BEGIN Material provided

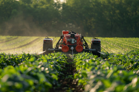 Tractor spraying pesticides at soy bean fields
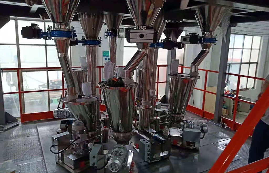 The system collects the cans that contains powders and dried raw materials caused by drying and heating processes as well as dehumidifier in the raw material room, so the entire plant can be much clean, beautiful, cooled, comfortable, management-friendly, manpower-saving, and management effective. Furthermore, our system integrates customers’ formula as well as mistake proofing.
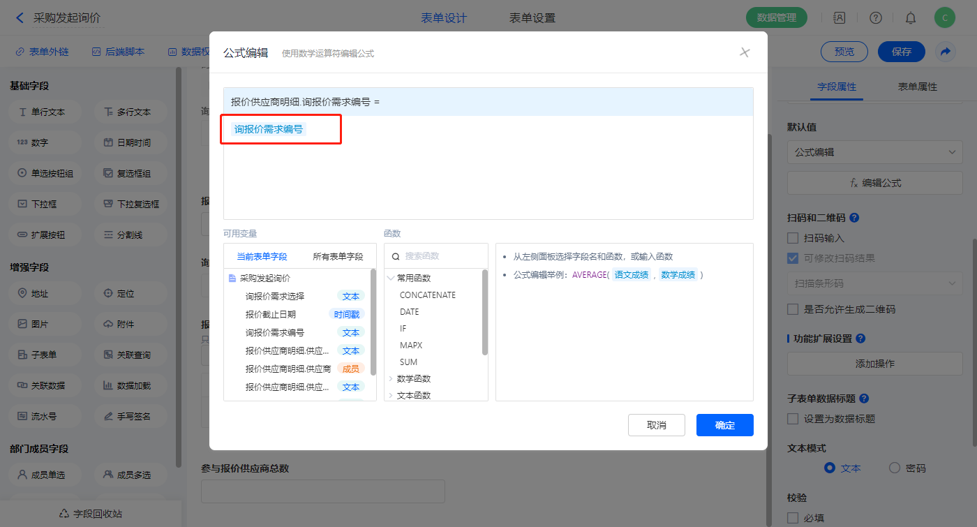 【报价供应商明细.询报价需求编号】字段,设置默认值为公式编辑,如图设置公式;
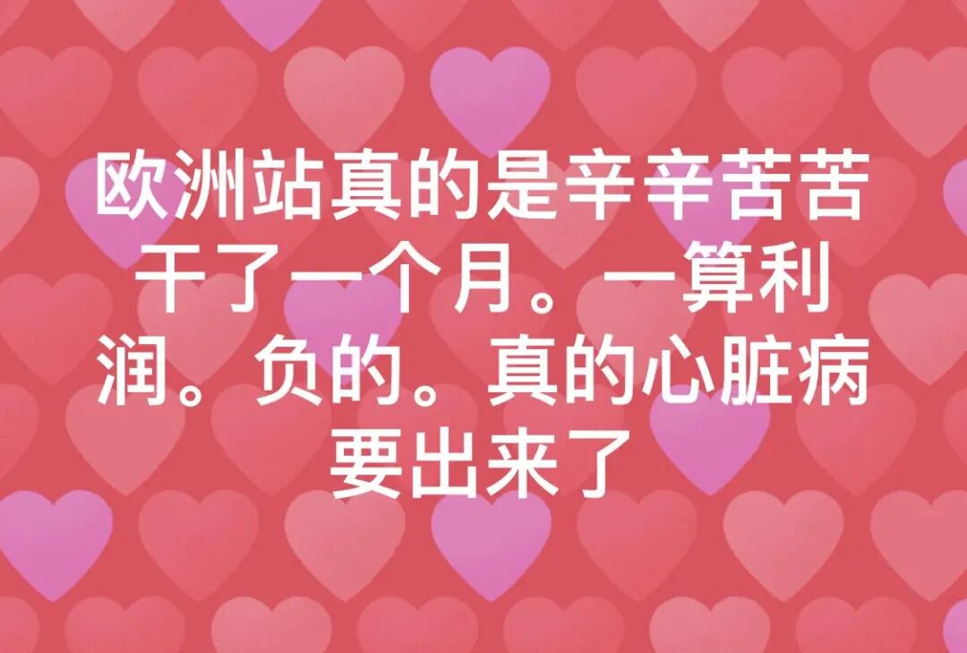 汇率持续下降太影响利润了。有粉丝给我们分享了一个社交媒体上的帖子,"欧洲站真的是辛辛苦苦干了一个月。一算利润。负的。真的心脏病要出来了"。看了,实在让人心酸。
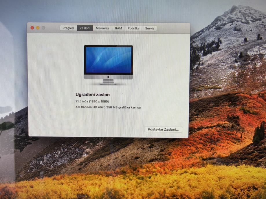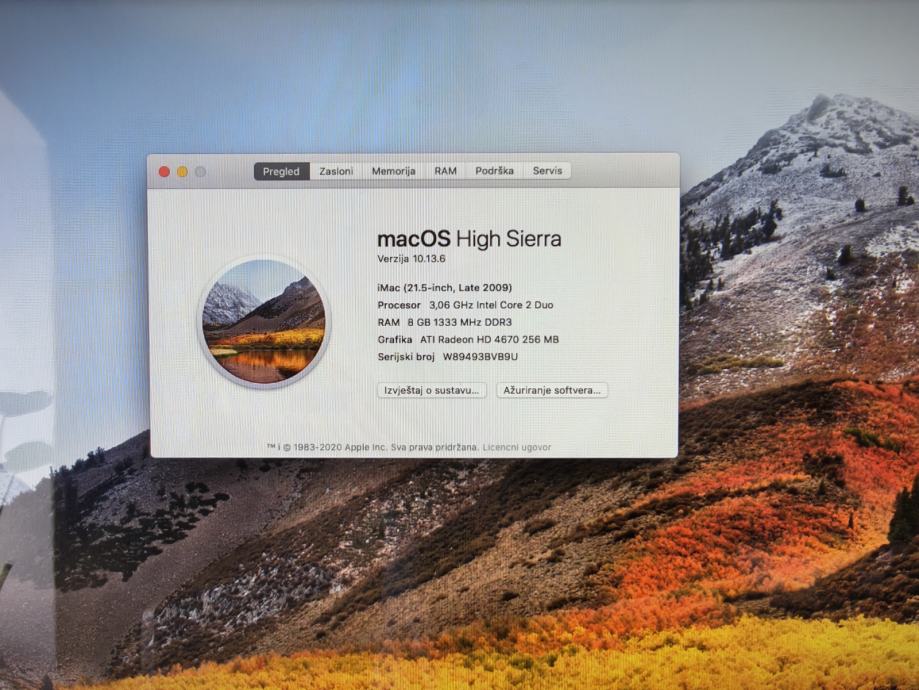 Apple iMac 21.5" (Mid 2009), All-In-One, macOS High Sierra 10.13.6 u potpunosti ispravan i u urednom stanju. Odličan za osnovne zadatke: internet, YouTube, Kamera, mikrofon, odlični zvučnici. Odličan za gledanje filmova zbog super dobre rezolucije što ga i razlikuje od Windowsa. Idealan kao Apple desktop za osnovnu upotrebu ili kolekcionare.
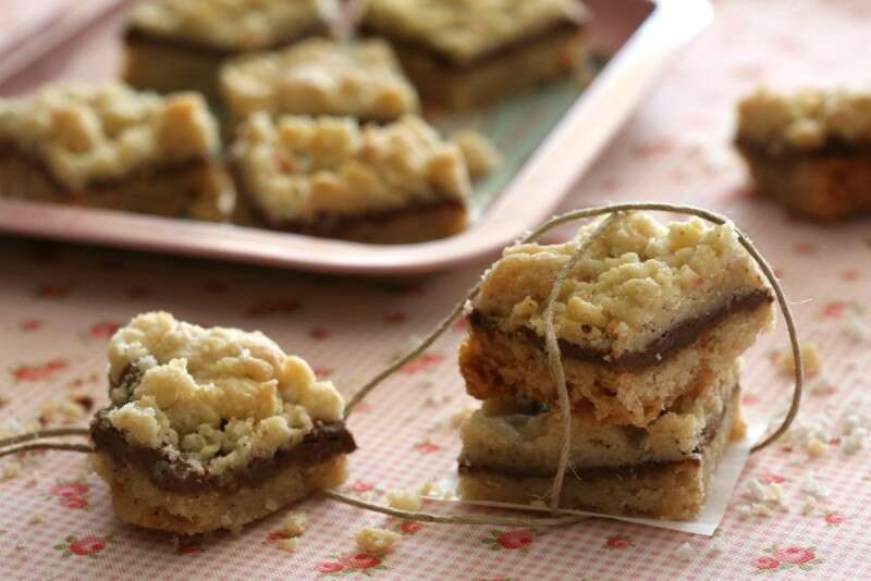 6. מוציאים מהתנור ומצננים מעט. מורחים שכבה נדיבה של ממרח נוטלה, מכסים בפירורי בצק ומחזירים לתנור.
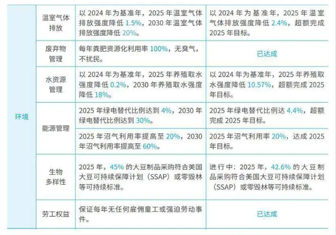 2025年,牧原按照治理、环境、社会三大方面,给出了18个可量化目标,事后验证看,完成度非常高。其中,在环境方面,围绕温室气体排放、废弃物管理、水资源管理、能源管理、生物多样性等设置了多个子目标,多项超额完成。
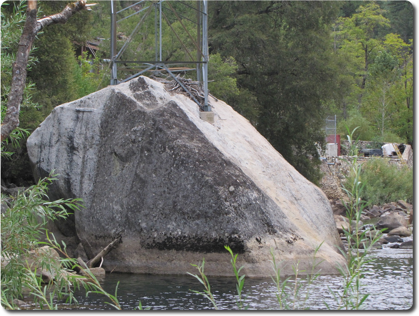 washed down during Spring floods. Note the electricity pylon on the boulder
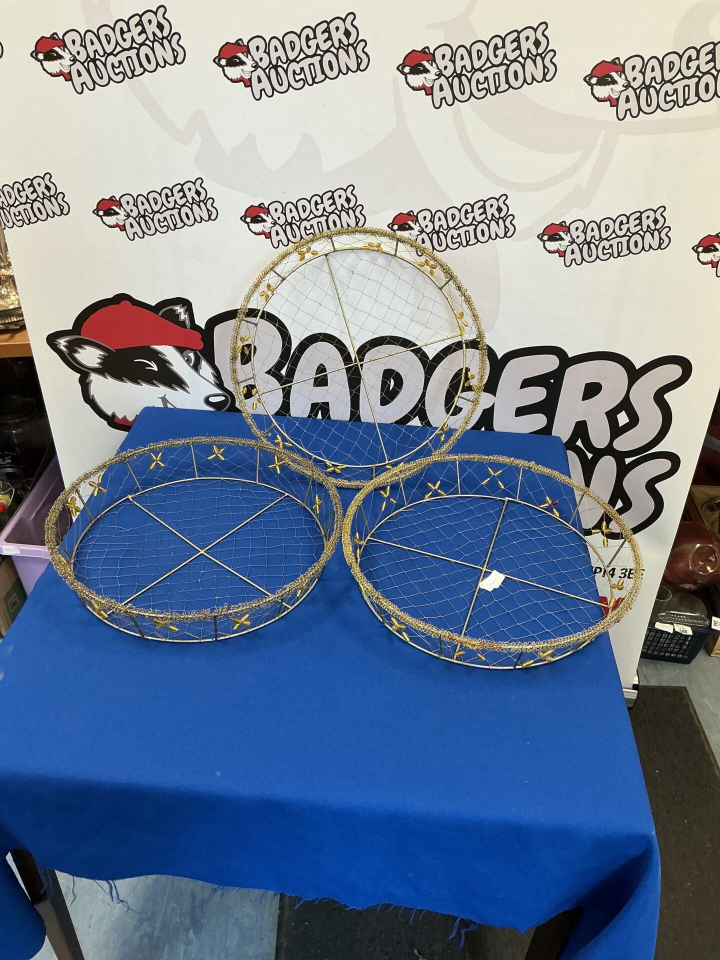 This lot comprises three charming wire display baskets, likely dating from the mid-20th century. Constructed from sturdy metal wire, these baskets feature a circular frame with a woven wire base, creating an open and airy design. Their simple yet effective construction suggests they were originally intended for retail display, perhaps showcasing small goods or produce, but they would also make excellent decorative pieces.
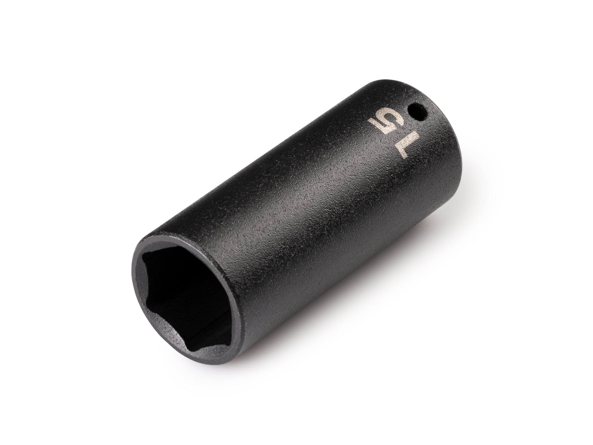 Tekton deep impact sockets have two size markings—both a high-visibility laser marking and a permanent stamped marking. The interior well of the socket extends fully into the socket, which allows for better fastener engagement in more situations. Each socket works with both friction ring and detent pin anvils. Smooth walls without grooves support friction ring engagement, and a detent pin hole on one side allows you to decide whether to engage the pin. Radiused corners on the socket prevent fastener round-off by applying force to a fastener's flat sides, rather than its corners. Part by part, we choose the best combination of steel alloys, heat treating specifications, and forming processes to meet the highest performance requirements. This socket has a corrosion-resistant manganese phosphate coating.

END Material provided

Each entry above should be written out again exactly, without its pictures.

Reply.
 Tractor spraying pesticides at soy bean fields
 The system collects the cans that contains powders and dried raw materials caused by drying and heating processes as well as dehumidifier in the raw material room, so the entire plant can be much clean, beautiful, cooled, comfortable, management-friendly, manpower-saving, and management effective. Furthermore, our system integrates customers’ formula as well as mistake proofing.
 【报价供应商明细.询报价需求编号】字段,设置默认值为公式编辑,如图设置公式;
 汇率持续下降太影响利润了。有粉丝给我们分享了一个社交媒体上的帖子,"欧洲站真的是辛辛苦苦干了一个月。一算利润。负的。真的心脏病要出来了"。看了,实在让人心酸。
 Apple iMac 21.5" (Mid 2009), All-In-One, macOS High Sierra 10.13.6 u potpunosti ispravan i u urednom stanju. Odličan za osnovne zadatke: internet, YouTube, Kamera, mikrofon, odlični zvučnici. Odličan za gledanje filmova zbog super dobre rezolucije što ga i razlikuje od Windowsa. Idealan kao Apple desktop za osnovnu upotrebu ili kolekcionare.
 6. מוציאים מהתנור ומצננים מעט. מורחים שכבה נדיבה של ממרח נוטלה, מכסים בפירורי בצק ומחזירים לתנור.
 2025年,牧原按照治理、环境、社会三大方面,给出了18个可量化目标,事后验证看,完成度非常高。其中,在环境方面,围绕温室气体排放、废弃物管理、水资源管理、能源管理、生物多样性等设置了多个子目标,多项超额完成。
 washed down during Spring floods. Note the electricity pylon on the boulder
 This lot comprises three charming wire display baskets, likely dating from the mid-20th century. Constructed from sturdy metal wire, these baskets feature a circular frame with a woven wire base, creating an open and airy design. Their simple yet effective construction suggests they were originally intended for retail display, perhaps showcasing small goods or produce, but they would also make excellent decorative pieces.
 Tekton deep impact sockets have two size markings—both a high-visibility laser marking and a permanent stamped marking. The interior well of the socket extends fully into the socket, which allows for better fastener engagement in more situations. Each socket works with both friction ring and detent pin anvils. Smooth walls without grooves support friction ring engagement, and a detent pin hole on one side allows you to decide whether to engage the pin. Radiused corners on the socket prevent fastener round-off by applying force to a fastener's flat sides, rather than its corners. Part by part, we choose the best combination of steel alloys, heat treating specifications, and forming processes to meet the highest performance requirements. This socket has a corrosion-resistant manganese phosphate coating.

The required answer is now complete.